Treasury executives whose companies are relying more and more on cloud services should confer with their accountants about new requirements that potentially could impact loan covenants as well as operational elements tangentially affecting treasury.
Companies are increasingly choosing treasury management systems (TMSs) and other applications via the cloud rather than installing the software in their own data centers. The Financial Accounting Standards Board’s (FASB) new accounting standard aims make the accounting between the two approaches more similar by requiring companies to defer and amortize cloud-related costs rather than expensing them right away, as they do under current accounting.
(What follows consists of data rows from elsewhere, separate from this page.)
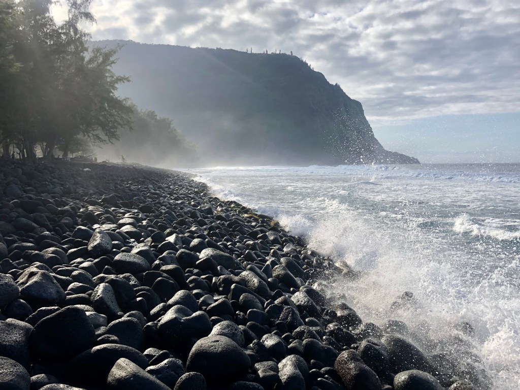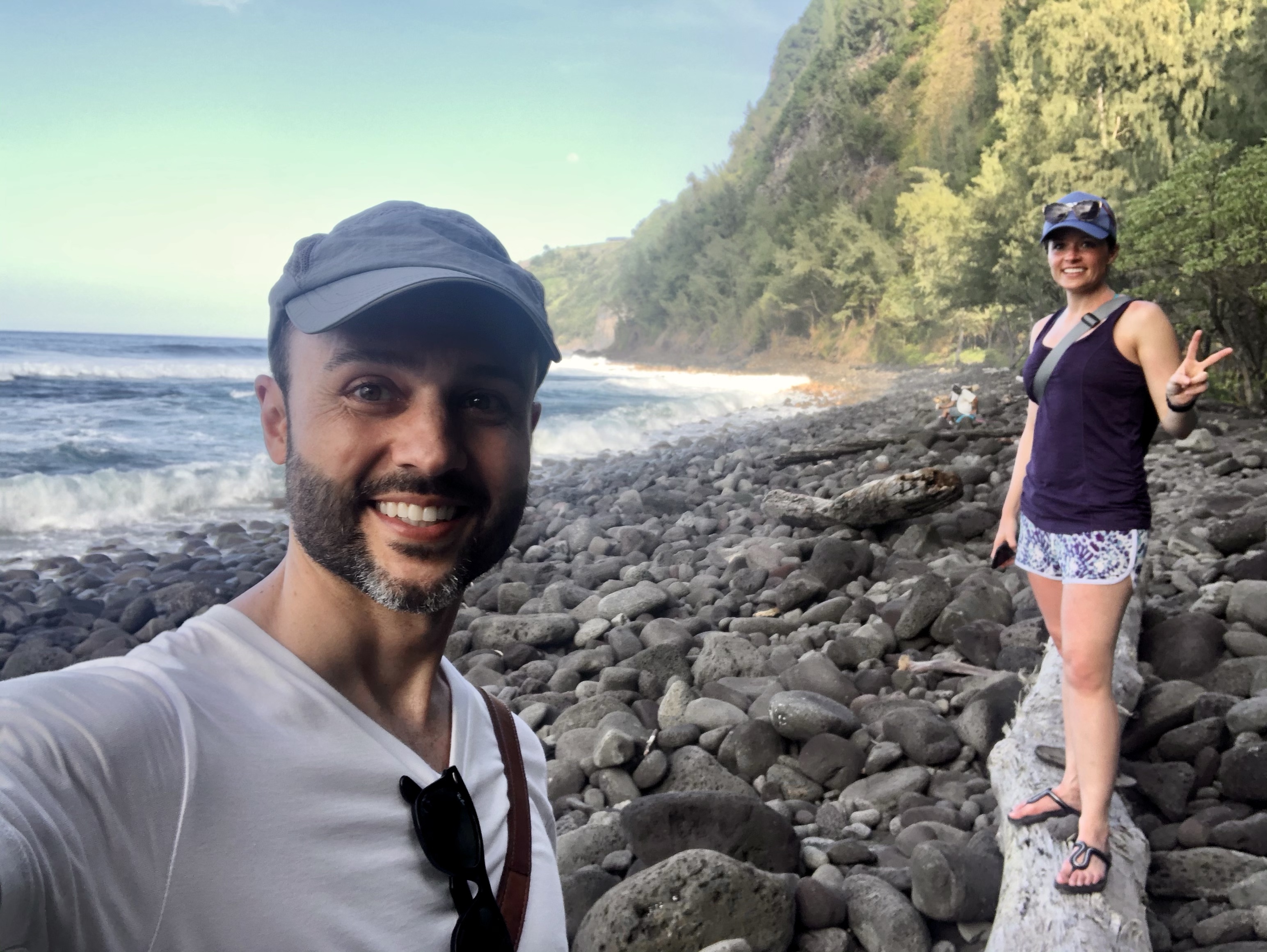 Waipio of a deep, verdant valley walled by cliffs and boasting a dramatic black sand beach. The views from on high are stunning and the experience below accessible only for those with four-wheel-drive or who are willing to clamber down on foot. We opted for the latter and were not disappointed! The place was incredible and the 26% grade of the road intense—we decided that if we lived here we’d do that hike at least once a week to stay fit 😜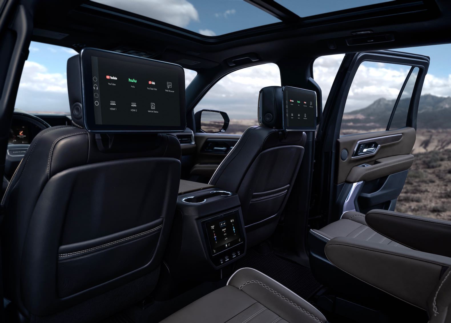 A new Executive Seating package available on the Denali Ultimate gives second-row passengers heated, ventilated, and massaging seats with integrated headrest speakers.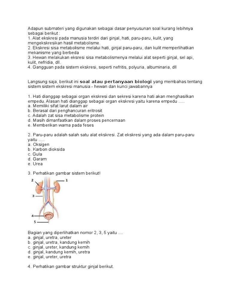 Pengetahuan anda akan bertambah dengan menyimak soal dan jawaban sistem pernapasan pada manusia seperti berikut ini. Soal sistem eksresi manusia ini berbentuk pilihan ganda dan berjumlah 20 butir soal. Sesuai dengan judulnya dalam latihan soal ini berbentuk pilihan gandapilgan multiple choice yang diengkap dengan kunci jawaban. Contoh soal sistem ekskresi manusia dan kunci jawabannya. Perhatikan gambar penampang ginjal berikut. Di dalam memahami materi sistem ekskresi manusia berikut ini contoh soal sistem ekskresi manusia dan kunci jawabannya.

“For companies that have these [cloud] arrangements, they will have to defer certain of those implementation costs to future periods, and that could impact some covenants, whether free cash flow, EBITDA, and other metrics,” said Sean Torr, managing director of Deloitte Risk and Financial Advisory.
On the plus side, said Chris Chiriatti, audit managing director at Deloitte & Touche, some companies may have avoided software as a service (SaaS) solutions if there was a sizable initial investment because under current accounting they have to expense those costs immediately. “Now they can defer those costs, and it may open up opportunities to use the cloud,” he added.
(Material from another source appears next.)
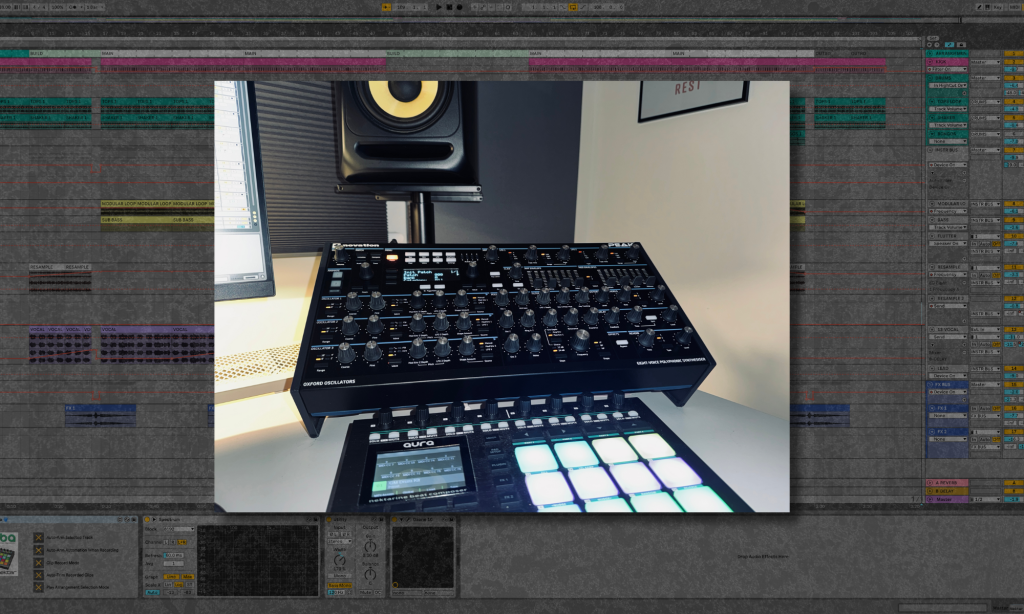 I use a Nectar Aura for drums, a hardware drum pad controller with a handy plugin for Ableton, making beatmaking super intuitive. The pads are decent for a £250 gizmo, and the knocks are useful too for automating soft synth parameters. I then used a transition sample for the FX – not gonna pretend this was a really intricate part of the production process, it just worked!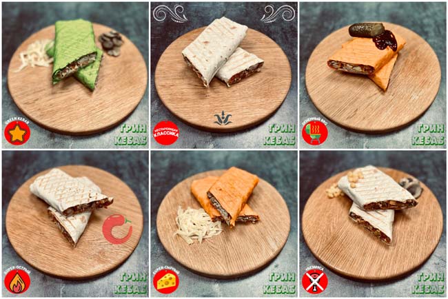Разнообразие. В меню «Грин кебаб» можно найти большой ассортимент кебабов на любой вкус. Помимо нестареющей классики трёх разных размеров (от mini до XXL) имеются кебабы для настоящих гурманов:

Challenges. One of the more challenging aspects of addressing the new accounting, according to Mr. Torr, is that management must exercise judgment over the costs to be capitalized. In addition, internal controls will be required to ensure that the capitalized costs are amortized to the P&L over the appropriate term.
“Additional processes and controls may have to be put in place to correctly identify the costs that need to be capitalized under the new standard,” Mr. Chiriatti said. He added that since under existing accounting a lot of those costs were expensed as incurred, companies didn’t need processes to identify and scrutinize their activities.
New controls. Under the new standard, companies entering into cloud contracts frequently and those with decentralized organizational structures should consider whether internal controls are sufficient to handle all cloud arrangements. Additionally, organizations should consider internal controls to ensure management’s judgment is consistently applied and costs are being capitalized appropriately. If those judgments are being made in a decentralized fashion, “then the rigor of the control needs to be greater,” Mr. Torr said, adding that companies will also have to have controls around what information they disclose in financial statement footnotes.
Companies may already have frameworks in place to determine what gets capitalized or expensed if they’ve built solutions on premise. However, for companies that have aggressively pursued cloud solutions, the framework may have gathered dust and become outmoded. “So for those companies there might be additional work because they may not have the processes currently in place that they can leverage,” Mr. Chiriatti said.
Effective date. The accounting goes into effect Jan. 1, 2020, for any company currently deploying software to the cloud, buying cloud services or presently incurring cloud implementation costs. Companies can adopt the standard early for any quarters they have yet to issue financial statements for.
Lining up accounting practices. Mr. Chiriatti noted that from a functional standpoint today there’s little difference between a company using software in the cloud or in its own data center, and that was a major factor prompting the accounting standard-setters to conclude that the deferral model should be the same for both situations.